A informação objeto do habeas data diz respeito à pessoa do impetrante. As informações do art. 5º, XXXIII, são de interesse geral e coletivo e são materializadas por meio de certidões que conterão as informações desejadas.

Hely Lopes Meirelles reitera esse entendimento no seguinte sentido:

o habeas data não se confunde com a garantia constitucional de obter certidões, justificando-se pelo simples interesse, que não necessita de maiores motivações, do impetrante que deseja conhecer o teor dos dados e registros e eventualmente retificá-los. A doutrina dominante considera que só cabe a impetração se a autoridade se recusa a prestar as informações ou a fazer as correções em tempo razoável.24

4.7. Legitimidade ativa e natureza do remédio

Basicamente, o habeas data conecta-se a pessoas físicas. Contudo, não há como excluir as jurídicas dessa possibilidade, eis que também são incluídas nos bancos de dados de instituições que servem a estabelecimentos comerciais e financeiros.

Certamente as pessoas jurídicas, da mesma forma que as físicas, podem impetrar o habeas data, ou seja, possuem legitimação ativa.

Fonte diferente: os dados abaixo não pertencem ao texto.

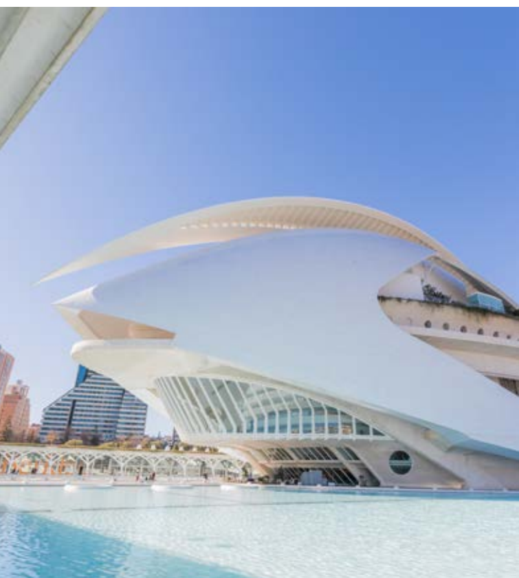
Palau de les Arts Reina Sofia

Estão aptas igualmente para requerer a retificação que se fizer oportuna no banco de dados que erroneamente tenha consignado dados, ulteriormente à verificação da informação.

O habeas data é ação constitucional de caráter civil. Seu intuito é revelar as informações relativas à pessoa do impetrante e retificá-los, se houver anotações errôneas ou incorreções relativas à pessoa. Pode ser interposto, como visto, perante repartições públicas e privadas, que sejam consideradas públicas por força de lei.

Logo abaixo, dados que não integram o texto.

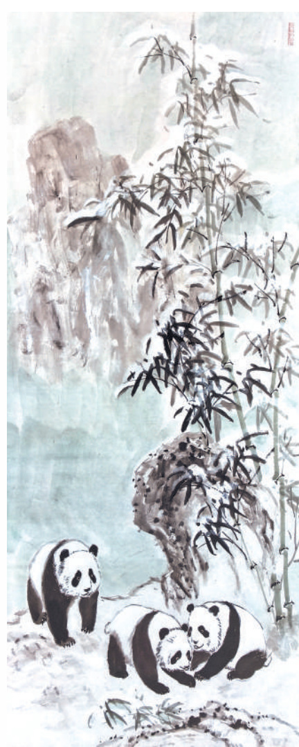
▲ 绘画 竹报平安

A interposição desse instrumento deveria ser personalíssima, como anota José Afonso da Silva.25 Pode ser interposto por estrangeiro. Cita decisão do

STJ, quando ainda era TFR, no sentido de permitir que o cônjuge supérstite e os herdeiros ingressem com habeas data a fim de impetrar o writ, pois injusto que o nome do falecido registre informações equivocadas ou errôneas, sem que elas possam ser retificadas, uma vez que haja tal constatação.

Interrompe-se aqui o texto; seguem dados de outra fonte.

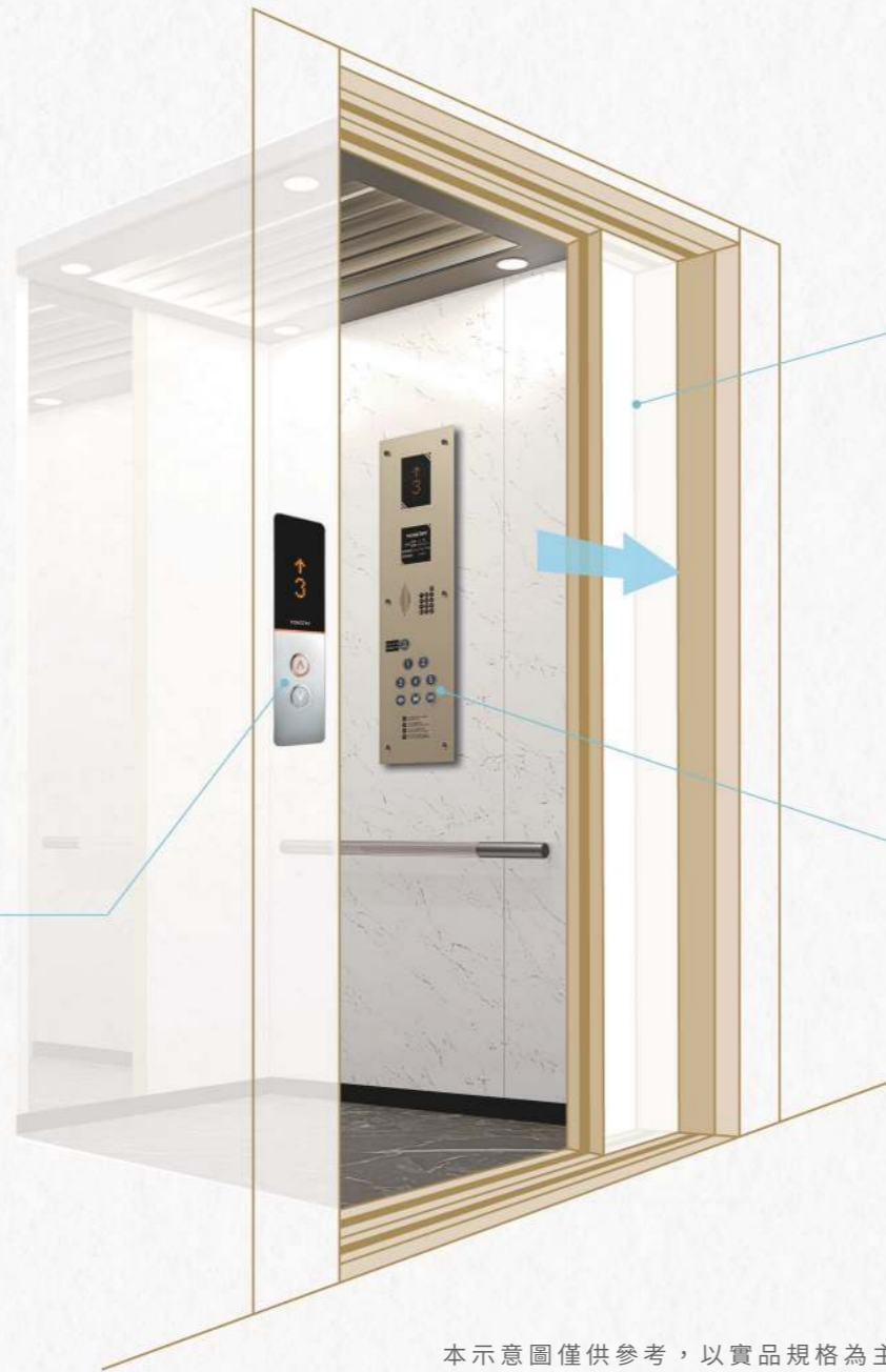
本示意圖僅供參考，以實品規格為主

O habeas data é uma ação constitucional, de caráter civil, que tem por objeto a proteção de direito líquido e certo do impetrante a conhecer informações e registros relacionados à sua pessoa, consignados em repartições públicas ou particulares acessíveis ao público, para eventual retificação de seus dados.

4.8. Processamento do habeas data

Ao interpor-se a inicial, em duas vias, o advogado deve observar os requisitos exigidos pelos arts. 319 a 321 do CPC vigente e pela Lei n. 9.507/97. Deve instruí-la com os documentos já citados, ou seja, prova de esgotamento do recurso administrativo ou inobservância de prazo para a entrega das informações. Com sucesso, vários dispensam a prova de esgotamento da via administrativa, indicando na inicial que preferiram ingressar diretamente no Judiciário.

Apelação poderá ser interposta na hipótese de a autoridade judicial indeferir a inicial por constatar ausência de algum dos requisitos previstos na Lei; caberá dessa decisão recurso de apelação.

Ao dar andamento ao processo, o juiz determinará a notificação do coator, para que, em dez dias, preste as informações que julgar necessárias. Após o prazo, será ouvido o Ministério Público em cinco dias, e os autos seguem conclusos ao juiz, para que, também em cinco dias, se manifeste. Cabe apelação da sentença que concede ou nega o habeas data.

O parágrafo único do art. 15 da citada Lei regulamentadora dispõe que quando a sentença concede o remédio do habeas data, o recurso tem apenas efeito devolutivo. A execução da sentença, consequentemente, é imediata, mediante o cumprimento da determinação da autoridade judiciária. O presidente do Tribunal ao qual competir o conhecimento do recurso pode ordenar ao juiz, excepcionalmente e nos casos que sejam necessários, a suspensão da execução da sentença. De acordo com o art. 18, ainda tem-se que

“o pedido de habeas data poderá ser renovado se a decisão denegatória não lhe houver apreciado o mérito”.